Philippine Remittances See First Drop Since 2001

·1-min read
FILE PHOTO: In this Friday, Sept. 30, 2016 photo, a Filipino trader stands in front of an electronic board showing the exchange rates during afternoon trading at the Philippine Stock Exchange in the financial district of Makati, Philippines. (AP Photo/Aaron Favila)
FILE PHOTO: In this Friday, Sept. 30, 2016 photo, a Filipino trader stands in front of an electronic board showing the exchange rates during afternoon trading at the Philippine Stock Exchange in the financial district of Makati, Philippines. (AP Photo/Aaron Favila)

By Siegfrid Alegado

The amount of money repatriated by Filipinos abroad fell last year for the first time since 2001 as the pandemic upended the global job market.

Cash remittances declined by 0.8% to $29.9 billion last year, according to central bank data released Monday.

More than 400,000 overseas Filipino workers have been repatriated since the pandemic started, risking a key source of the country’s foreign exchange and financial support for millions back home.

While the overall slide was less than the central bank’s forecast for a 2% drop, the figure represents a “fading punch packed by once very potent foreign exchange flows from abroad,” said Nicholas Mapa, economist at ING Groep NV in Manila.

The peso has gained 0.2% against the U.S. dollar so far this year and is trading at its strongest level since 2016. That’s eroded the ability of remittances to pay for school fees, mortgages and other expenses, Mapa said.
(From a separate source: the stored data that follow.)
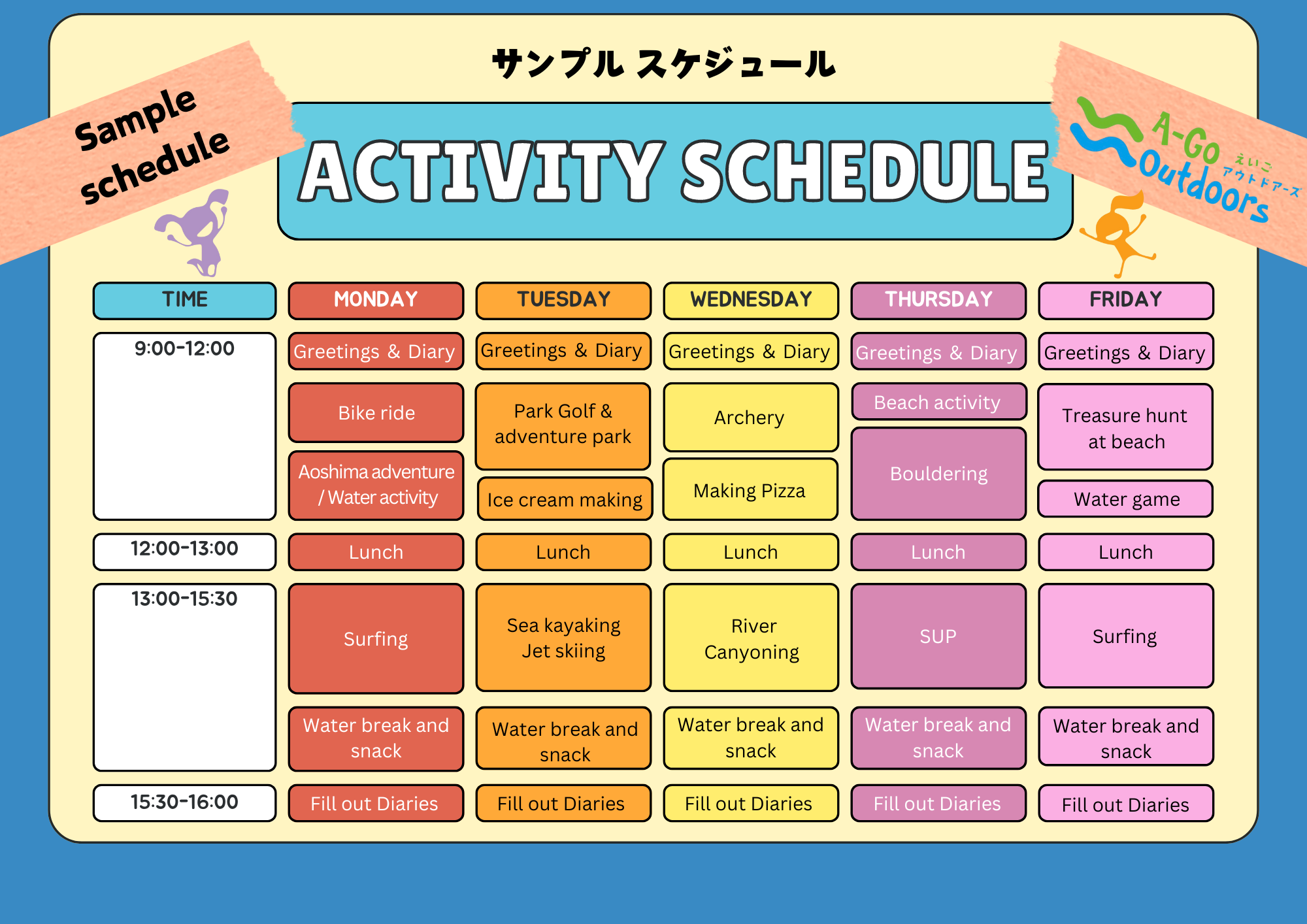 Activities at A-Go Outdoors are conducted by experienced native English speaking staff. Not only will you learn English, but you will also enjoy outdoor and indoor activities in the great nature of Aoshima, while being exposed to fun, live English. Join us for an exciting and memorable summer experience!
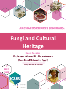 This seminar focuses on the dual role fungi play in cultural heritage—both in biodeterioration and as potential tools for preservation. Fungi are known for degrading historical artefacts like wood, paintings, fabrics, and paper due to their enzymatic activity and ability to grow in low-moisture environments. The decay processes they cause have been observed throughout history, even mentioned in the Bible as “leprosy” affecting structures. Despite their damaging effects, fungi also offer the potential for bio-preservation. This seminar will explore new methods that harness fungi’s beneficial properties for conserving monuments, providing sustainable solutions to prevent further degradation of archaeological treasures, such as stony monuments and mummies.
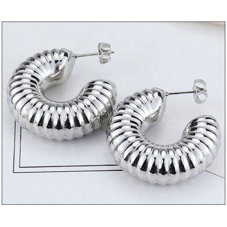 ต่างหูรูปตัว C ชุบทองสำหรับผู้หญิง ต่างหูห่วงโลหะผสมทรงเรขาคณิตขนาดใหญ่ ดีไซน์เก๋ไก๋แบบเกลียว
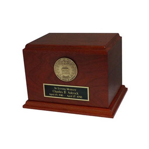 Built to a Federally approved specification and recognized as the chosen urn by the United States Military for our fallen Heroes; this capsule is constructed from solid American Walnut wood and features an Air Force Seal and engraving plate.
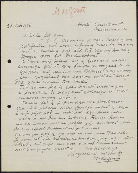 Curator: Let’s turn our attention now to "Brief aan Willem Bogtman" by Richard Nicolaüs Roland Holst. This piece, likely created between 1931 and 1939, showcases the artist's handwriting in pen and ink on paper. It’s currently held at the Rijksmuseum. What are your initial thoughts? Editor: It’s intimate, isn't it? Raw in a way. I immediately focus on the handwritten quality of the work: it is about mark making, production, and labor when a note gets rendered with immediacy by the writer's own hand, the artist's tools, and paper and ink materials to bring it into existence. Curator: Indeed. The act of writing itself takes center stage. Look closely—notice the rhythm of the handwriting and how the penmanship lends its unique voice through these visual symbols and imagery? It speaks volumes about Roland Holst’s personality, as if we are somehow intercepting a private conversation with Willem. The way it fills the space makes me wonder about Roland Holst's message. Editor: Good eye. Because while on the surface it’s just correspondence, letters have long been tools for intellectual exchange and social engagement. To me, a letter embodies labor: the labor of physically forming the letters, sure, but also the work of thinking through ideas, communicating them with precision, and enacting social rituals by communicating at a remove, instead of immediately. Curator: I agree. Letters, particularly handwritten ones, function almost like artifacts, imbuing emotion with a feeling of presence—they carry a historical significance that speaks to me on many levels. This one feels weighty, somehow. Editor: And isn’t that weight also due to the very portability of letters? They are documents of their era, encapsulating the limitations of technologies while pointing to new material horizons enabled by trade, colonialism, postal systems, and personal networks. Curator: Absolutely. It’s more than a message. The artifact’s surface acts as both a carrier of ideas and historical evidence. It speaks across time. Editor: This quick look made me think of all that's at play even in a seemingly simple act: correspondence, a dance between intimacy and the historical landscape. Curator: Yes, a dance indeed, offering us all a glimpse into both personal exchange and broader societal factors.

Funds declined from the U.K., Germany and Japan, as well as Saudi Arabia, United Arab Emirates and Kuwait. They increased from the U.S., Canada, Singapore, Hong Kong, Taiwan, South Korea and Qatar.

“I expect a relatively modest rebound this year,” said Euben Paracuelles, chief Asean economist at Nomura Holdings Inc. in Singapore. “A redeployment of workers who were repatriated home, for instance, might take a while given remaining travel restrictions globally, and local vaccinations could take time.”